▶ **Work required**
Pictures aside, repeat the whole listing word for word.

▶ **Available data**
◇ ◇ ◇

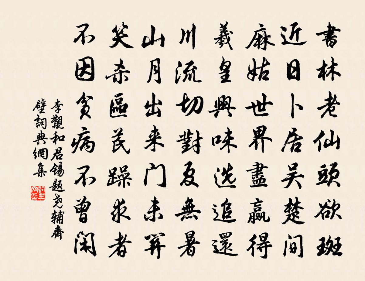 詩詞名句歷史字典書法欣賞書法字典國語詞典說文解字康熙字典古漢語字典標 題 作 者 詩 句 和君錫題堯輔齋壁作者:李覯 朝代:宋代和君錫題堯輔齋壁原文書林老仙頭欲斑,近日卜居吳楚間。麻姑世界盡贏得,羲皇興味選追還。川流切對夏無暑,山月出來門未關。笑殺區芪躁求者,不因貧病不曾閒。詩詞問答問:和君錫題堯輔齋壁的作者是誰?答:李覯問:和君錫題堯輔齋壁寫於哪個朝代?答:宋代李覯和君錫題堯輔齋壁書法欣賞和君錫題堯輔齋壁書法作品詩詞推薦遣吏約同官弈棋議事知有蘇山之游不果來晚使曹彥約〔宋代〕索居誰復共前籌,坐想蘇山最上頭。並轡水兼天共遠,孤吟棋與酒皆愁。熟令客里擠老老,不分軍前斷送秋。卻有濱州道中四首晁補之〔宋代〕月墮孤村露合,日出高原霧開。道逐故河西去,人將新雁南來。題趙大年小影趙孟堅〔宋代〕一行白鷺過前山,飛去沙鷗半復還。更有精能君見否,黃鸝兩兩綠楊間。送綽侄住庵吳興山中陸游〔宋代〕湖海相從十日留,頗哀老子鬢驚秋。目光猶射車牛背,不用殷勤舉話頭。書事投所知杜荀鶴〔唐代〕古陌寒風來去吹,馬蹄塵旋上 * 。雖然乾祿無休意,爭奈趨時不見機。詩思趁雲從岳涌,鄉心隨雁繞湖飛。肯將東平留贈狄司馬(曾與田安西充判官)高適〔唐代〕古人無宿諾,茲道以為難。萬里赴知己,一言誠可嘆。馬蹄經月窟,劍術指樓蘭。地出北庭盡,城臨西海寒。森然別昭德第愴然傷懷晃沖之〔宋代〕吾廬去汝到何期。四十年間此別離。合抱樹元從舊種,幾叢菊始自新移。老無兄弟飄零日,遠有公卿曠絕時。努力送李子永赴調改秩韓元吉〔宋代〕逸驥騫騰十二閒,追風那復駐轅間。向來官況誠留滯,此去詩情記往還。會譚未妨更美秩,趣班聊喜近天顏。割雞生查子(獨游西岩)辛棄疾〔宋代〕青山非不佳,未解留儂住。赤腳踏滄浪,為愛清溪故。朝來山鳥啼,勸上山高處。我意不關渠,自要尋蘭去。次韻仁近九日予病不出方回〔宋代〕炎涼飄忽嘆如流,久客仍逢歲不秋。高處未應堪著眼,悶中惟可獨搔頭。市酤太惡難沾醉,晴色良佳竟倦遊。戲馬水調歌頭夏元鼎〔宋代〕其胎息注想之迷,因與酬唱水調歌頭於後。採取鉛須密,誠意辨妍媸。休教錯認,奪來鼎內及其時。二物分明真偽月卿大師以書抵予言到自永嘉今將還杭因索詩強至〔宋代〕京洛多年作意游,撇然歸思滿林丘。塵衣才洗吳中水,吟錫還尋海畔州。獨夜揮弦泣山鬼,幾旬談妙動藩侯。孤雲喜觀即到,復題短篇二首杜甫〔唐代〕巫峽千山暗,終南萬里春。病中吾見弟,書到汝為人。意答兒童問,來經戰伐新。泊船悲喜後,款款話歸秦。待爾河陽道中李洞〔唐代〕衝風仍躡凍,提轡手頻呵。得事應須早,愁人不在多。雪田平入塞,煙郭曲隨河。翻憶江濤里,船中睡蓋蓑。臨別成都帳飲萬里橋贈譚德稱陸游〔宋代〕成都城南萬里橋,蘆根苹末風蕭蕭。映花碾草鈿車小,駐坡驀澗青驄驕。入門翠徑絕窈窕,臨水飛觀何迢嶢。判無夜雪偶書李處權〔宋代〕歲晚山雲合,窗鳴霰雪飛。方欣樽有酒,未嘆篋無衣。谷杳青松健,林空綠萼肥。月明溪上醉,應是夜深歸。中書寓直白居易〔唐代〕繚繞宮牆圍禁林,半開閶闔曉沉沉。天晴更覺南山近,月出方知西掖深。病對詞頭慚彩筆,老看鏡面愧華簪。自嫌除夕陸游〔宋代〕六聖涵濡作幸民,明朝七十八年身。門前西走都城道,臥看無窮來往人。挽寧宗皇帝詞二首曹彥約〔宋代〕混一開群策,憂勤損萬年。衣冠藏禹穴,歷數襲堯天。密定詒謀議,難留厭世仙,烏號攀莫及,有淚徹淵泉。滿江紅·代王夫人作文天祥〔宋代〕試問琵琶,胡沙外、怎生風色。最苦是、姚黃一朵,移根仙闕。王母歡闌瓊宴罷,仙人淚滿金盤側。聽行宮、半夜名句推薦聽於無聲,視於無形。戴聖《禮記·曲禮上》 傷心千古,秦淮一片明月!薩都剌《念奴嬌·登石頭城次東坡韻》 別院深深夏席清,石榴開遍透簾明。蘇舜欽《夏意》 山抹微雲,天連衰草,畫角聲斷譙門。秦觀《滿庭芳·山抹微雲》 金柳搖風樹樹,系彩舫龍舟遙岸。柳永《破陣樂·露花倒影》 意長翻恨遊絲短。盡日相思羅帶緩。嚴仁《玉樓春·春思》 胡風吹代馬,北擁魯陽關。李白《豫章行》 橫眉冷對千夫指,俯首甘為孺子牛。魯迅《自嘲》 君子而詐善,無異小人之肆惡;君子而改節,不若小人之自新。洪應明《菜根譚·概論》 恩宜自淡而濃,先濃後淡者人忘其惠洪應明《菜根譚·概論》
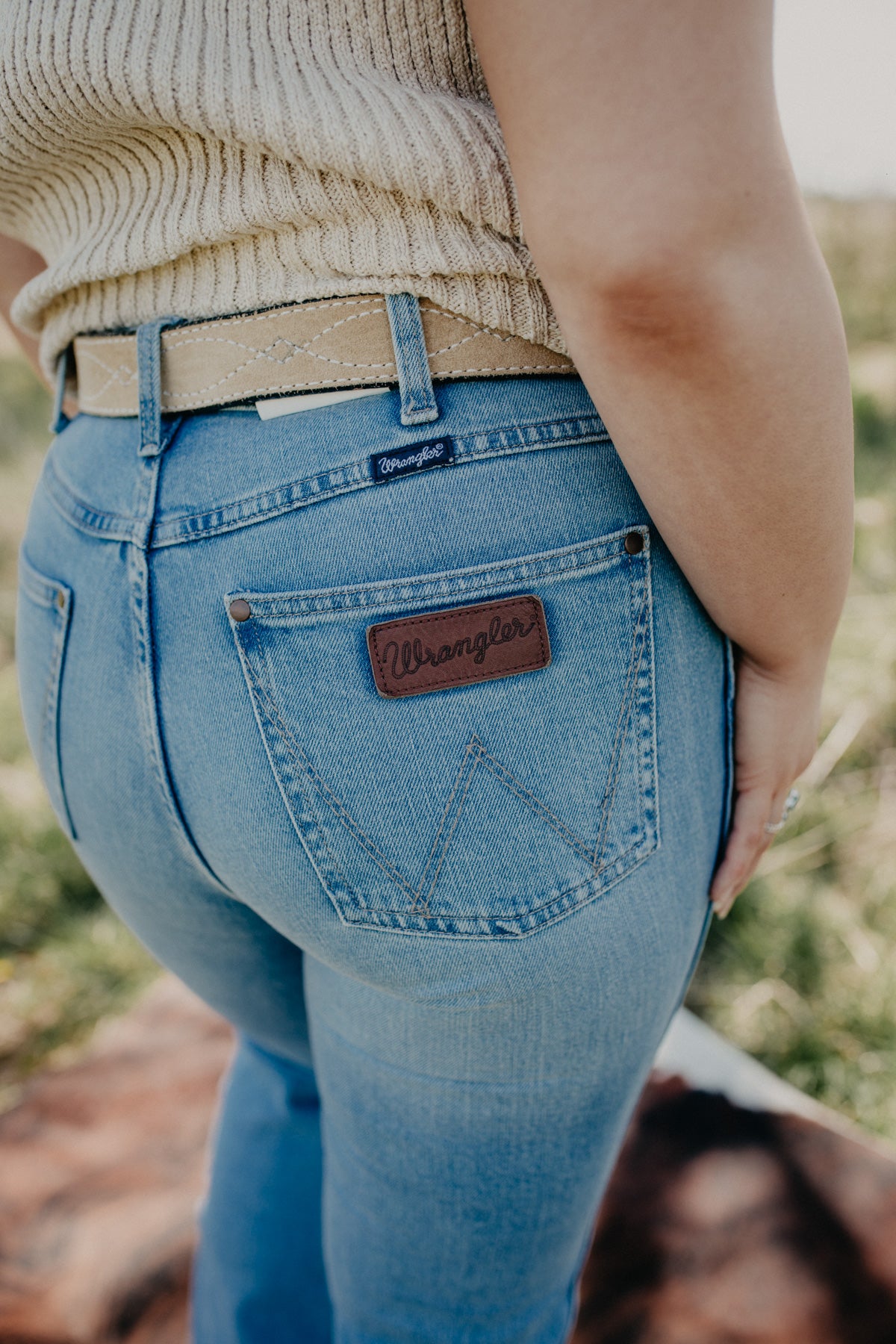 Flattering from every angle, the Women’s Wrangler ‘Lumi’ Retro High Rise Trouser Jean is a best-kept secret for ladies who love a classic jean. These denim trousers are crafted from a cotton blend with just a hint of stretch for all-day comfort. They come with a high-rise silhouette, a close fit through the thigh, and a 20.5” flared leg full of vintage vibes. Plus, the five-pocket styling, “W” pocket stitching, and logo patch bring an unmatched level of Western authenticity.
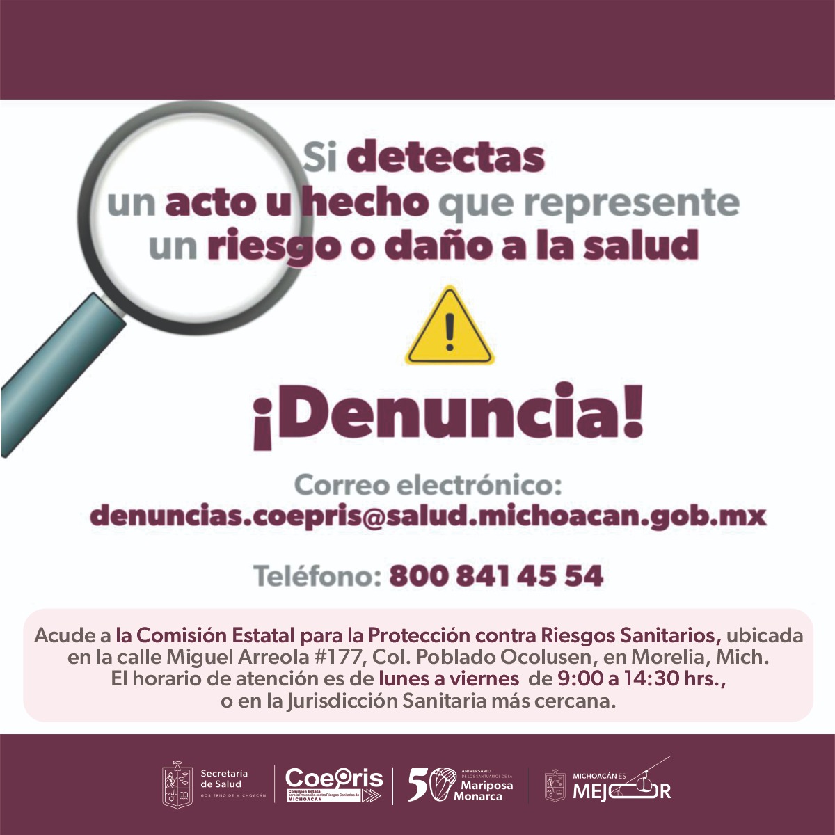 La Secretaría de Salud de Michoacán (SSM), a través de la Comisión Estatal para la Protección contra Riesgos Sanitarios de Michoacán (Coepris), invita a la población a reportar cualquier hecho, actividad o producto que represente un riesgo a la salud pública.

◇ ◇ ◇

▶ **Expected output**
 詩詞名句歷史字典書法欣賞書法字典國語詞典說文解字康熙字典古漢語字典標 題 作 者 詩 句 和君錫題堯輔齋壁作者:李覯 朝代:宋代和君錫題堯輔齋壁原文書林老仙頭欲斑,近日卜居吳楚間。麻姑世界盡贏得,羲皇興味選追還。川流切對夏無暑,山月出來門未關。笑殺區芪躁求者,不因貧病不曾閒。詩詞問答問:和君錫題堯輔齋壁的作者是誰?答:李覯問:和君錫題堯輔齋壁寫於哪個朝代?答:宋代李覯和君錫題堯輔齋壁書法欣賞和君錫題堯輔齋壁書法作品詩詞推薦遣吏約同官弈棋議事知有蘇山之游不果來晚使曹彥約〔宋代〕索居誰復共前籌,坐想蘇山最上頭。並轡水兼天共遠,孤吟棋與酒皆愁。熟令客里擠老老,不分軍前斷送秋。卻有濱州道中四首晁補之〔宋代〕月墮孤村露合,日出高原霧開。道逐故河西去,人將新雁南來。題趙大年小影趙孟堅〔宋代〕一行白鷺過前山,飛去沙鷗半復還。更有精能君見否,黃鸝兩兩綠楊間。送綽侄住庵吳興山中陸游〔宋代〕湖海相從十日留,頗哀老子鬢驚秋。目光猶射車牛背,不用殷勤舉話頭。書事投所知杜荀鶴〔唐代〕古陌寒風來去吹,馬蹄塵旋上 * 。雖然乾祿無休意,爭奈趨時不見機。詩思趁雲從岳涌,鄉心隨雁繞湖飛。肯將東平留贈狄司馬(曾與田安西充判官)高適〔唐代〕古人無宿諾,茲道以為難。萬里赴知己,一言誠可嘆。馬蹄經月窟,劍術指樓蘭。地出北庭盡,城臨西海寒。森然別昭德第愴然傷懷晃沖之〔宋代〕吾廬去汝到何期。四十年間此別離。合抱樹元從舊種,幾叢菊始自新移。老無兄弟飄零日,遠有公卿曠絕時。努力送李子永赴調改秩韓元吉〔宋代〕逸驥騫騰十二閒,追風那復駐轅間。向來官況誠留滯,此去詩情記往還。會譚未妨更美秩,趣班聊喜近天顏。割雞生查子(獨游西岩)辛棄疾〔宋代〕青山非不佳,未解留儂住。赤腳踏滄浪,為愛清溪故。朝來山鳥啼,勸上山高處。我意不關渠,自要尋蘭去。次韻仁近九日予病不出方回〔宋代〕炎涼飄忽嘆如流,久客仍逢歲不秋。高處未應堪著眼,悶中惟可獨搔頭。市酤太惡難沾醉,晴色良佳竟倦遊。戲馬水調歌頭夏元鼎〔宋代〕其胎息注想之迷,因與酬唱水調歌頭於後。採取鉛須密,誠意辨妍媸。休教錯認,奪來鼎內及其時。二物分明真偽月卿大師以書抵予言到自永嘉今將還杭因索詩強至〔宋代〕京洛多年作意游,撇然歸思滿林丘。塵衣才洗吳中水,吟錫還尋海畔州。獨夜揮弦泣山鬼,幾旬談妙動藩侯。孤雲喜觀即到,復題短篇二首杜甫〔唐代〕巫峽千山暗,終南萬里春。病中吾見弟,書到汝為人。意答兒童問,來經戰伐新。泊船悲喜後,款款話歸秦。待爾河陽道中李洞〔唐代〕衝風仍躡凍,提轡手頻呵。得事應須早,愁人不在多。雪田平入塞,煙郭曲隨河。翻憶江濤里,船中睡蓋蓑。臨別成都帳飲萬里橋贈譚德稱陸游〔宋代〕成都城南萬里橋,蘆根苹末風蕭蕭。映花碾草鈿車小,駐坡驀澗青驄驕。入門翠徑絕窈窕,臨水飛觀何迢嶢。判無夜雪偶書李處權〔宋代〕歲晚山雲合,窗鳴霰雪飛。方欣樽有酒,未嘆篋無衣。谷杳青松健,林空綠萼肥。月明溪上醉,應是夜深歸。中書寓直白居易〔唐代〕繚繞宮牆圍禁林,半開閶闔曉沉沉。天晴更覺南山近,月出方知西掖深。病對詞頭慚彩筆,老看鏡面愧華簪。自嫌除夕陸游〔宋代〕六聖涵濡作幸民,明朝七十八年身。門前西走都城道,臥看無窮來往人。挽寧宗皇帝詞二首曹彥約〔宋代〕混一開群策,憂勤損萬年。衣冠藏禹穴,歷數襲堯天。密定詒謀議,難留厭世仙,烏號攀莫及,有淚徹淵泉。滿江紅·代王夫人作文天祥〔宋代〕試問琵琶,胡沙外、怎生風色。最苦是、姚黃一朵,移根仙闕。王母歡闌瓊宴罷,仙人淚滿金盤側。聽行宮、半夜名句推薦聽於無聲,視於無形。戴聖《禮記·曲禮上》 傷心千古,秦淮一片明月!薩都剌《念奴嬌·登石頭城次東坡韻》 別院深深夏席清,石榴開遍透簾明。蘇舜欽《夏意》 山抹微雲,天連衰草,畫角聲斷譙門。秦觀《滿庭芳·山抹微雲》 金柳搖風樹樹,系彩舫龍舟遙岸。柳永《破陣樂·露花倒影》 意長翻恨遊絲短。盡日相思羅帶緩。嚴仁《玉樓春·春思》 胡風吹代馬,北擁魯陽關。李白《豫章行》 橫眉冷對千夫指,俯首甘為孺子牛。魯迅《自嘲》 君子而詐善,無異小人之肆惡;君子而改節,不若小人之自新。洪應明《菜根譚·概論》 恩宜自淡而濃,先濃後淡者人忘其惠洪應明《菜根譚·概論》
 Flattering from every angle, the Women’s Wrangler ‘Lumi’ Retro High Rise Trouser Jean is a best-kept secret for ladies who love a classic jean. These denim trousers are crafted from a cotton blend with just a hint of stretch for all-day comfort. They come with a high-rise silhouette, a close fit through the thigh, and a 20.5” flared leg full of vintage vibes. Plus, the five-pocket styling, “W” pocket stitching, and logo patch bring an unmatched level of Western authenticity.
 La Secretaría de Salud de Michoacán (SSM), a través de la Comisión Estatal para la Protección contra Riesgos Sanitarios de Michoacán (Coepris), invita a la población a reportar cualquier hecho, actividad o producto que represente un riesgo a la salud pública.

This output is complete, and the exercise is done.